Task prompt:
The entries below are to be given back exactly, with images excluded.

Dataset excerpts
"""

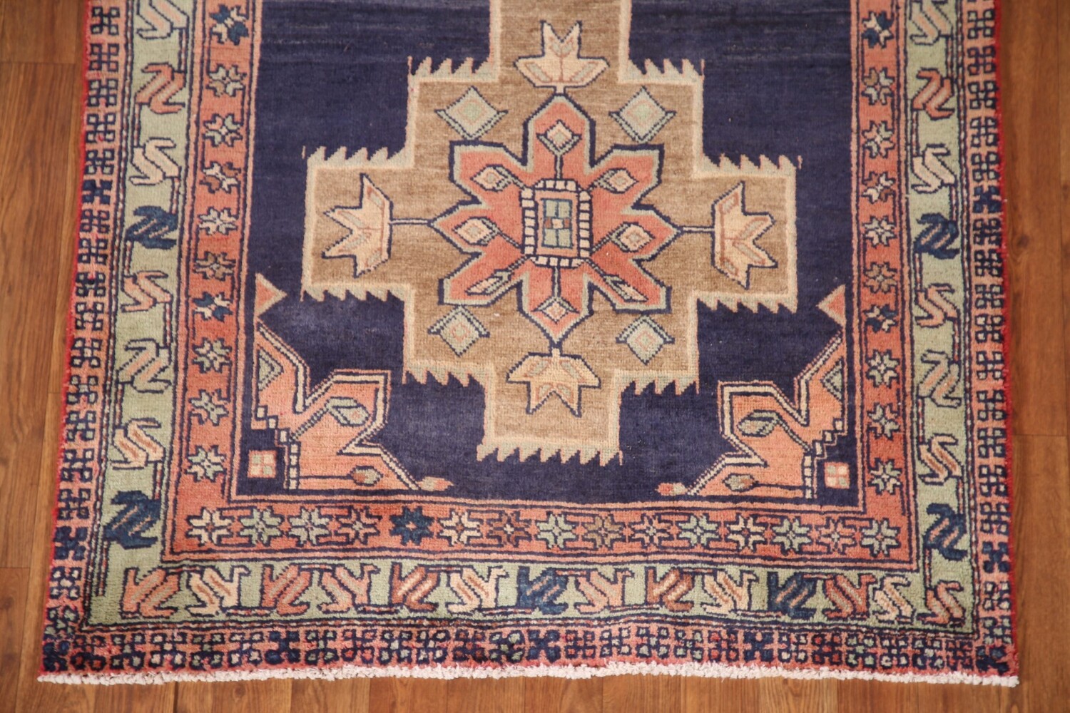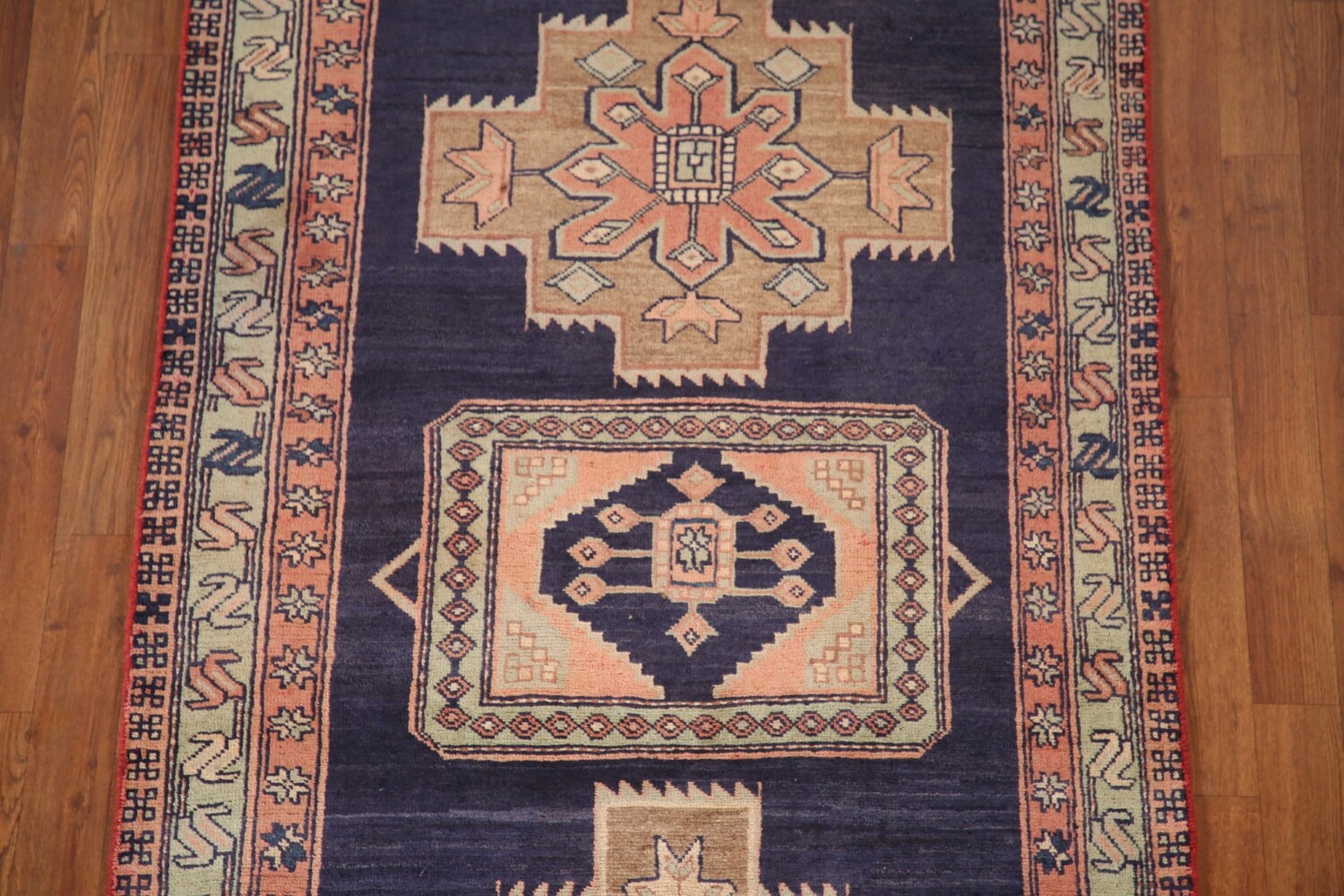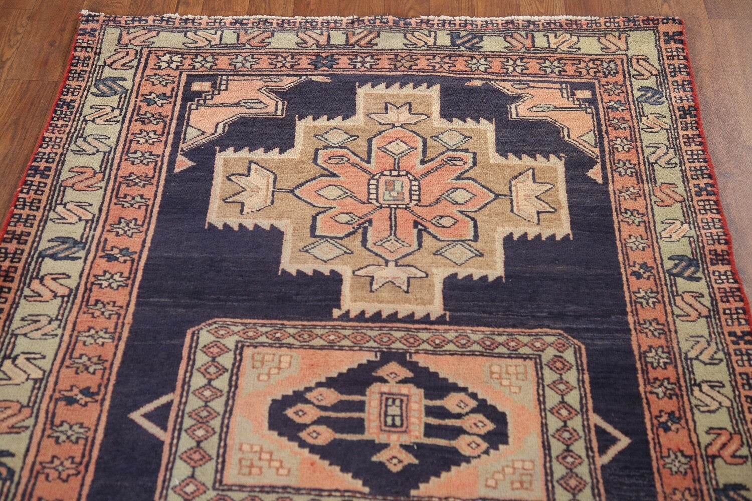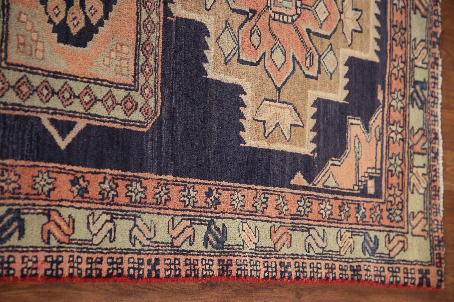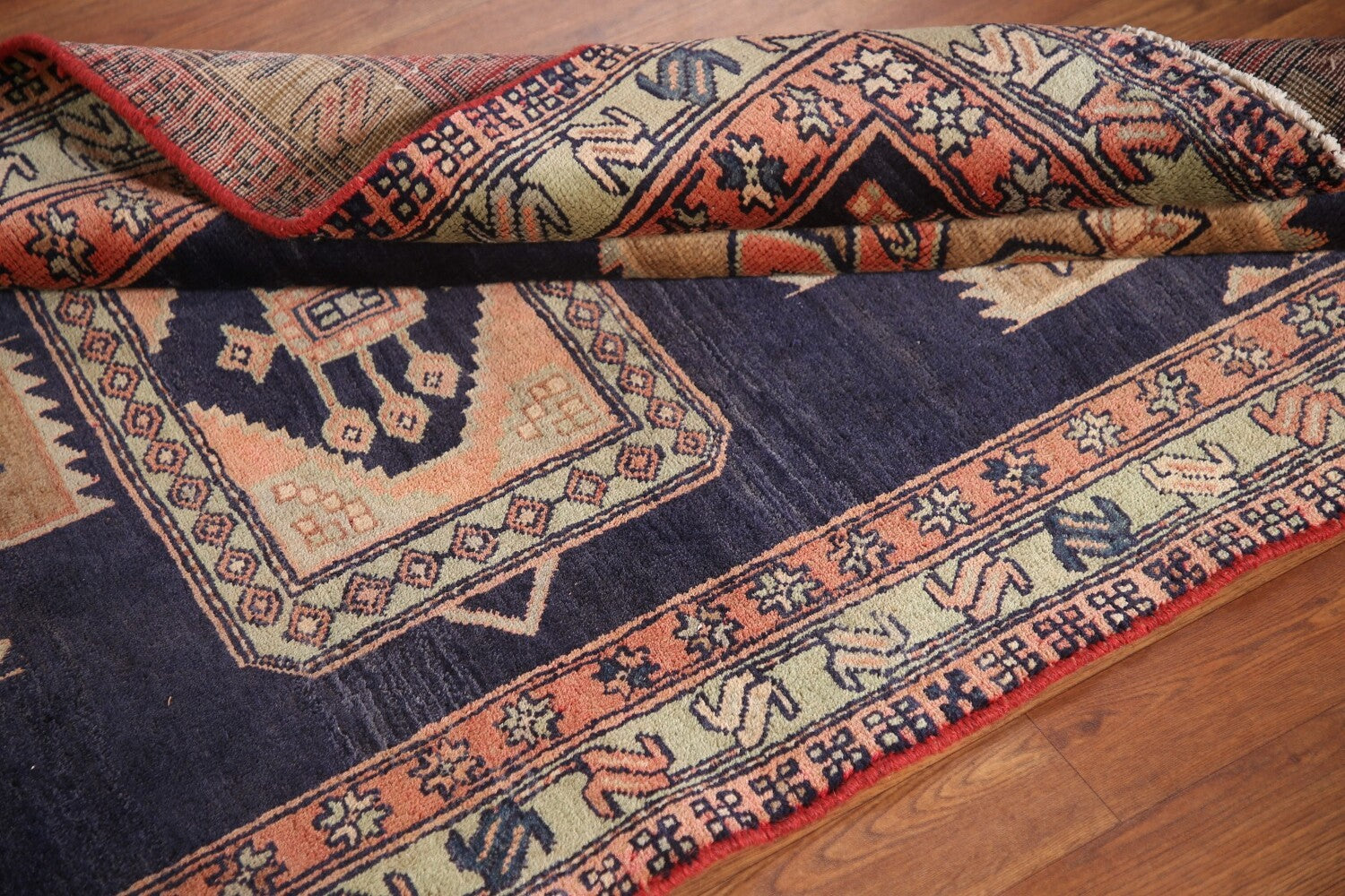 A Beautiful Genuine Persia ( Persia ) Ardebil rug is Hand Knotted by skillful weavers in Persia ( Persia ) with 100% Wool Material. This rug is in Very Good (Abrash) condition. dimensions are 9' 7'' X 3' 6'' in foot and 292 X 107 in centimeter. the primary color is Navy Blue & Blues.
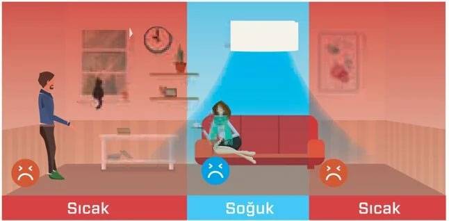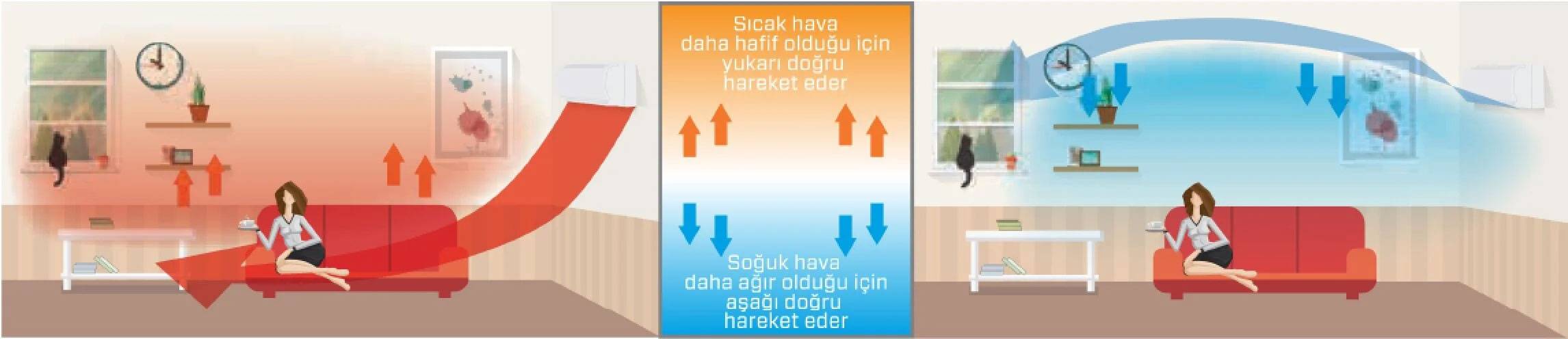 Hava, soğutma sırasında yukarıya, ısıtma sırasında aşağı doğru üflenir. Böylece havanın doğal hareketinden yararlanılarak eşit sıcaklık elde edilir.
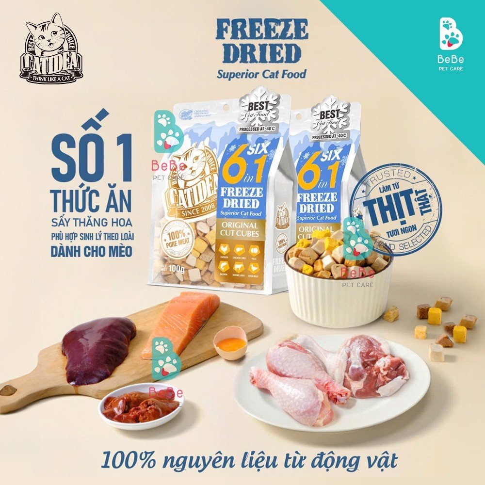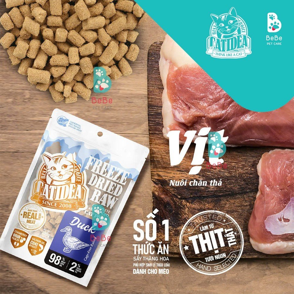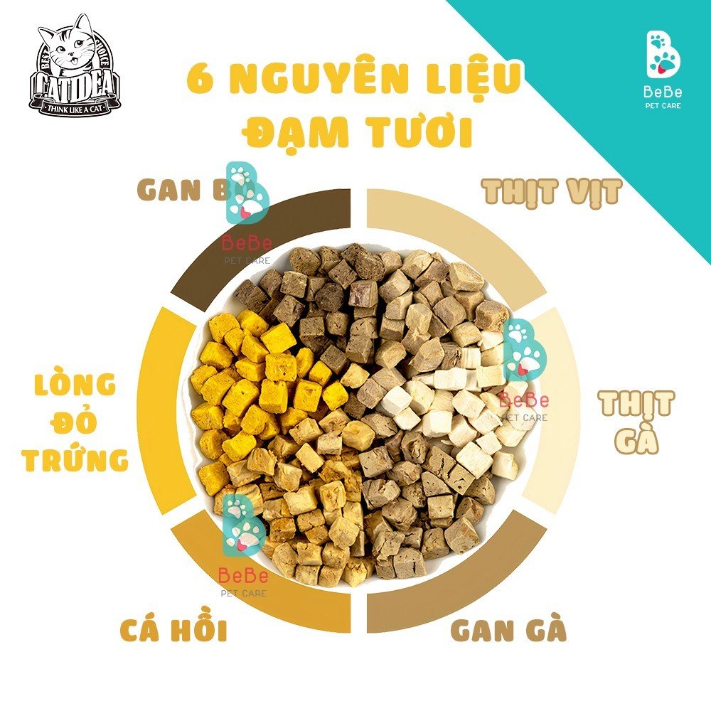 Catidea mang đến giải pháp dinh dưỡng hoàn hảo cho mèo cưng của bạn với thức ăn sấy khô chất lượng cao, được chế biến từ những thành phần tự nhiên, đảm bảo cân bằng giữa dinh dưỡng và hương vị. Được thiết kế đặc biệt cho mèo ở mọi lứa tuổi, Catidea giúp hỗ trợ sức khỏe hệ tiêu hóa, da và lông mượt mà, cùng với hàm lượng protein cao từ thịt thật giúp mèo duy trì thể trạng năng động và khỏe mạnh.
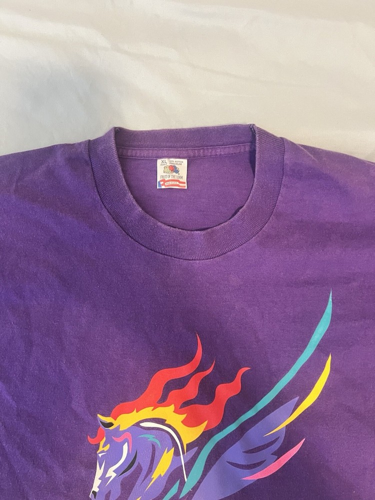 This vintage T-shirt is a must-have for any fan of the Kentucky Derby Festival. With a classic 90s theme, this regular size XL shirt features short sleeves and a single stitch design. The vibrant purple color adds a pop of fun to any outfit, while the Stitch character adds a touch of nostalgia. Perfect for any casual occasion, this T-shirt is a unique addition to any wardrobe.
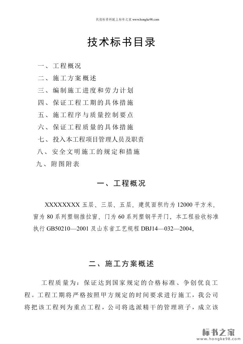 标题:铝合金门窗投标书技术方案(14页)
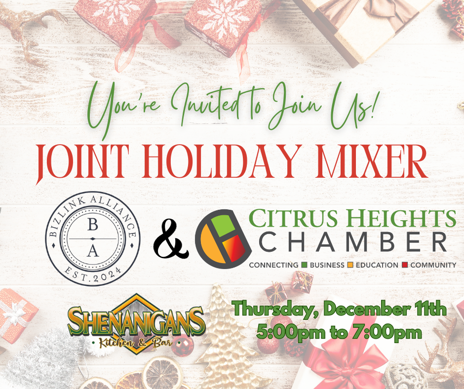 The Citrus Heights Chamber of Commerce and BizLink Alliance are teaming up for a Joint Holiday Mixer on Thursday, December 11th from 5:00 PM to 7:00 PM at Shenanigans Kitchen + Bar and you won’t want to miss it.
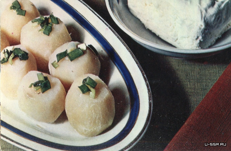 Творог подать залитым сметаной с кусочками сливочного масла. Особенно вкусен молодой картофель.
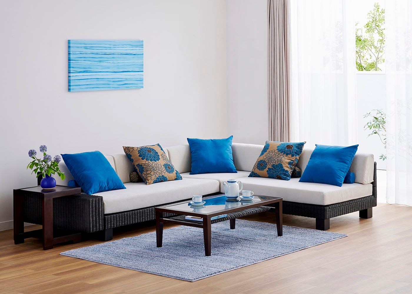 クッションに色を加えるだけでもアクセントとなり、お部屋の印象を大きく変えてくれます。リゾートの風と自然を感じるa.flatスタイルカラーの中から、あなただけの組み合わせをお楽しみください。(別売、受注生産)

"""

Reply to the task:
 A Beautiful Genuine Persia ( Persia ) Ardebil rug is Hand Knotted by skillful weavers in Persia ( Persia ) with 100% Wool Material. This rug is in Very Good (Abrash) condition. dimensions are 9' 7'' X 3' 6'' in foot and 292 X 107 in centimeter. the primary color is Navy Blue & Blues.
 Hava, soğutma sırasında yukarıya, ısıtma sırasında aşağı doğru üflenir. Böylece havanın doğal hareketinden yararlanılarak eşit sıcaklık elde edilir.
 Catidea mang đến giải pháp dinh dưỡng hoàn hảo cho mèo cưng của bạn với thức ăn sấy khô chất lượng cao, được chế biến từ những thành phần tự nhiên, đảm bảo cân bằng giữa dinh dưỡng và hương vị. Được thiết kế đặc biệt cho mèo ở mọi lứa tuổi, Catidea giúp hỗ trợ sức khỏe hệ tiêu hóa, da và lông mượt mà, cùng với hàm lượng protein cao từ thịt thật giúp mèo duy trì thể trạng năng động và khỏe mạnh.
 This vintage T-shirt is a must-have for any fan of the Kentucky Derby Festival. With a classic 90s theme, this regular size XL shirt features short sleeves and a single stitch design. The vibrant purple color adds a pop of fun to any outfit, while the Stitch character adds a touch of nostalgia. Perfect for any casual occasion, this T-shirt is a unique addition to any wardrobe.
 标题:铝合金门窗投标书技术方案(14页)
 The Citrus Heights Chamber of Commerce and BizLink Alliance are teaming up for a Joint Holiday Mixer on Thursday, December 11th from 5:00 PM to 7:00 PM at Shenanigans Kitchen + Bar and you won’t want to miss it.
 Творог подать залитым сметаной с кусочками сливочного масла. Особенно вкусен молодой картофель.
 クッションに色を加えるだけでもアクセントとなり、お部屋の印象を大きく変えてくれます。リゾートの風と自然を感じるa.flatスタイルカラーの中から、あなただけの組み合わせをお楽しみください。(別売、受注生産)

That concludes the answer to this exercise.